Inference using saved model in Tensorflow 2: how to control in/output?
Tested on TF 2.0, 2.6, and 2.7:
If you haven't already, you could try something like the following, as I believe you are referencing the wrong keys in SignatureDef
:
from tensorflow.keras.layers import Dense
from tensorflow.keras.models import Model
from tensorflow.keras.applications.inception_resnet_v2 import InceptionResNetV2
from tensorflow.keras.layers import Dense, GlobalAveragePooling2D
import tensorflow as tf
import numpy as np
from PIL import Image
export_path = "./save_test"
base_model = InceptionResNetV2(weights='imagenet', input_tensor=None, include_top=False)
out = base_model.output
out = GlobalAveragePooling2D()(out)
predictions = Dense(7, activation='softmax', name="output")(out)
model = Model(inputs=base_model.input, outputs=[predictions])
tf.saved_model.save(model, export_path)
with tf.compat.v1.Session(graph=tf.Graph()) as sess:
meta_graph = tf.compat.v1.saved_model.loader.load(sess, ["serve"], export_path)
sig_def = meta_graph.signature_def[tf.saved_model.DEFAULT_SERVING_SIGNATURE_DEF_KEY]
input_key = list(dict(sig_def.inputs).keys())[0]
input_name = sig_def.inputs[input_key].name
output_name = sig_def.outputs['output'].name
img = Image.new('RGB', (299, 299))
x = tf.keras.preprocessing.image.img_to_array(img)
x = np.expand_dims(x, axis=0)
x = x[..., :3]
x /= 255.0
x = (x - 0.5) * 2.0
y_pred = sess.run(output_name, feed_dict={input_name: x})
print(y_pred)
INFO:tensorflow:Restoring parameters from ./save_test/variables/variables
[[0.14001141 0.13356228 0.14509581 0.22432518 0.16313255 0.11899492
0.07487784]]
You could also take a look at the SignatureDef
for input and output information:
print(meta_graph.signature_def)
{'serving_default': inputs {
key: "input_2"
value {
name: "serving_default_input_2:0"
dtype: DT_FLOAT
tensor_shape {
dim {
size: -1
}
dim {
size: -1
}
dim {
size: -1
}
dim {
size: 3
}
}
}
}
outputs {
key: "output"
value {
name: "StatefulPartitionedCall:0"
dtype: DT_FLOAT
tensor_shape {
dim {
size: -1
}
dim {
size: 7
}
}
}
}
method_name: "tensorflow/serving/predict"
, '__saved_model_init_op': outputs {
key: "__saved_model_init_op"
value {
name: "NoOp"
tensor_shape {
unknown_rank: true
}
}
}
}
If you remove the first layer of your base_model
and add a new Input
layer, you can use static key names sig_def.inputs['input'].name
and sig_def.outputs['output'].name
:
from tensorflow.keras.layers import Dense
from tensorflow.keras.models import Model
from tensorflow.keras.applications.inception_resnet_v2 import InceptionResNetV2
from tensorflow.keras.layers import Dense, GlobalAveragePooling2D
import tensorflow as tf
import numpy as np
from PIL import Image
export_path = "./save_test"
base_model = InceptionResNetV2(weights='imagenet', input_tensor=None, include_top=False)
base_model.layers.pop(0)
new_input = tf.keras.layers.Input(shape=(299,299,3), name='input')
out = base_model(new_input)
out = GlobalAveragePooling2D()(out)
predictions = Dense(7, activation='softmax', name="output")(out)

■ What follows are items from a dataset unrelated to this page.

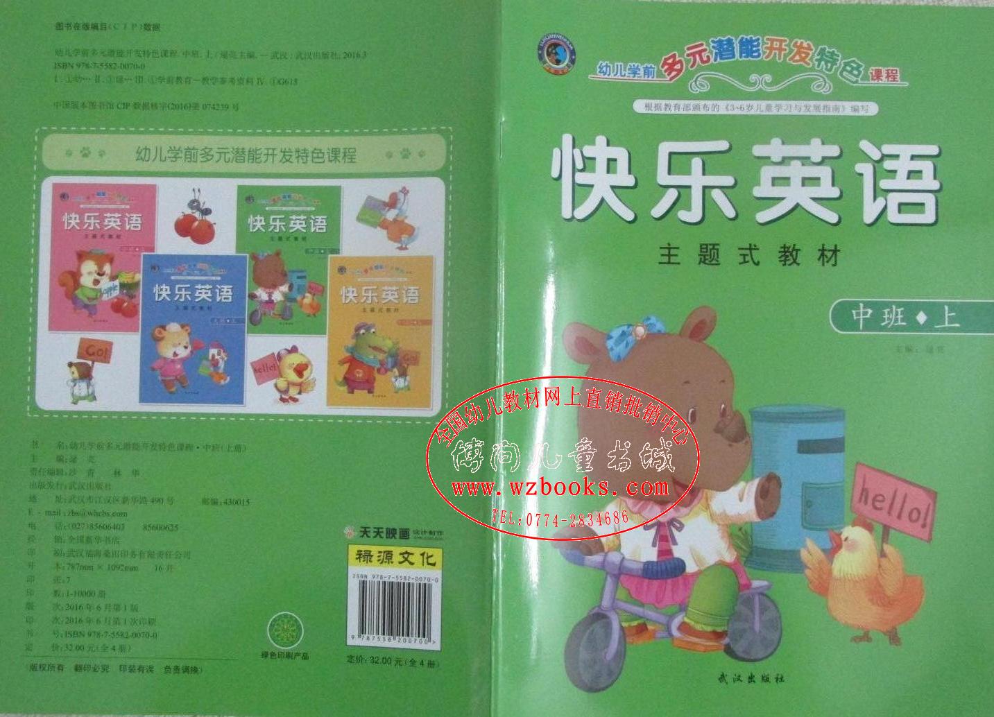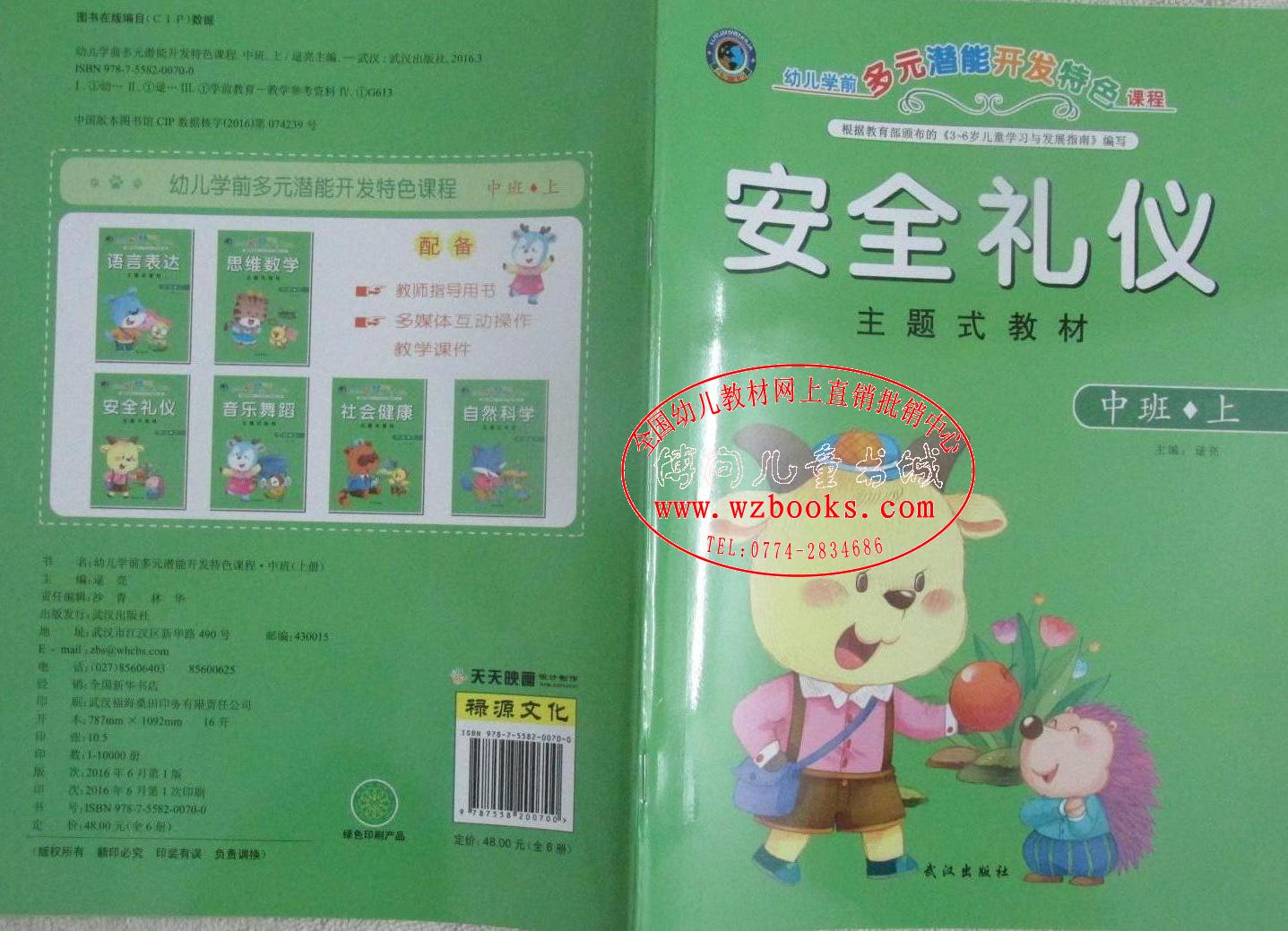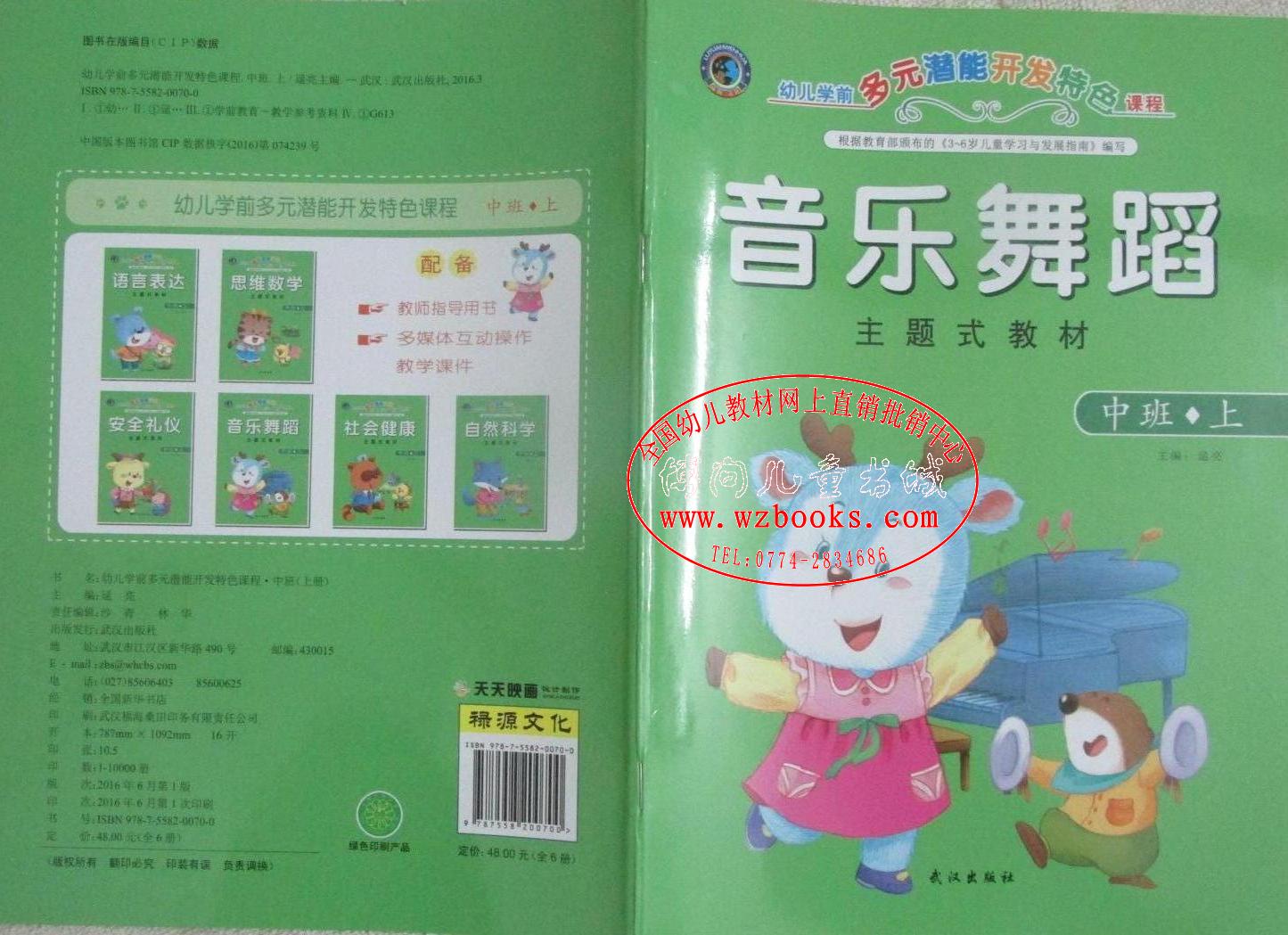 武汉出版社16开钢板纸印刷,配备多媒体互动操作教学课件,分大中小班学前班,每本定价8元(小班中班7本,大班学前班9本,另有2本拼音)
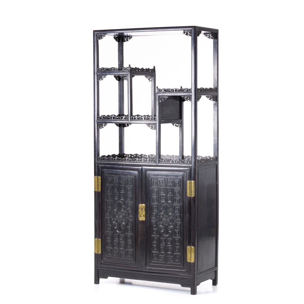 China, Minguo, em tamarindo, decoração entalhada, com duas portas, prateleiras em desnível, ferragens em metal dourado. Sinais de uso. Dim.: 197x40x88 cm.
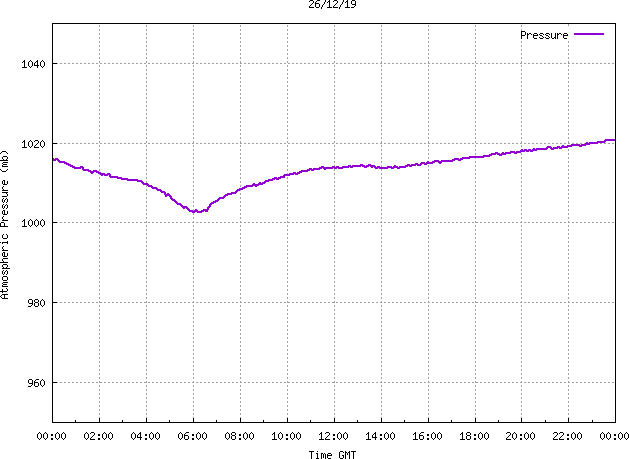 The PML meteorological station, situated on the south-west corner of the building roof, consists of a Hygroclip S3 temperature and humidity sensor housed in a radiation shield, a Mierij Meteo solid state wind sensor (MMW-005), a Chelsea instruments half-hemisphere PAR sensor, a Li-Cor pyranometer (LI-200SZ) and an Omni Instruments 6" tipping bucket raingauge (RG200). The data are logged every 5 minutes using a Pace Scientific XR5 data logger. The real-time rainfall data is likely in error - the correct values will be displayed after a time lag of approximately 24 hours. The meteorological station is sheltered from winds in the north-east and underestimates winds from this quarter. To use these data please contact Dr Tim Smyth.

model = Model(inputs=new_input, outputs=[predictions])
tf.saved_model.save(model, export_path)
with tf.compat.v1.Session(graph=tf.Graph()) as sess:
meta_graph = tf.compat.v1.saved_model.loader.load(sess, ["serve"], export_path)
sig_def = meta_graph.signature_def[tf.saved_model.DEFAULT_SERVING_SIGNATURE_DEF_KEY]
input_name = sig_def.inputs['input'].name
output_name = sig_def.outputs['output'].name
img = Image.new('RGB', (299, 299))
x = tf.keras.preprocessing.image.img_to_array(img)
x = np.expand_dims(x, axis=0)
x = x[..., :3]
x /= 255.0
x = (x - 0.5) * 2.0
y_pred = sess.run(output_name, feed_dict={input_name: x})
print(y_pred)
INFO:tensorflow:Restoring parameters from ./save_test/variables/variables
[[0.21079363 0.10773096 0.07287834 0.06983061 0.10538215 0.09172108
0.34166315]]
Note that changing the name of the first layer of base_model
does not work with the syntax model.layers[0]._name = 'input'
because the model configuration itself will not be updated.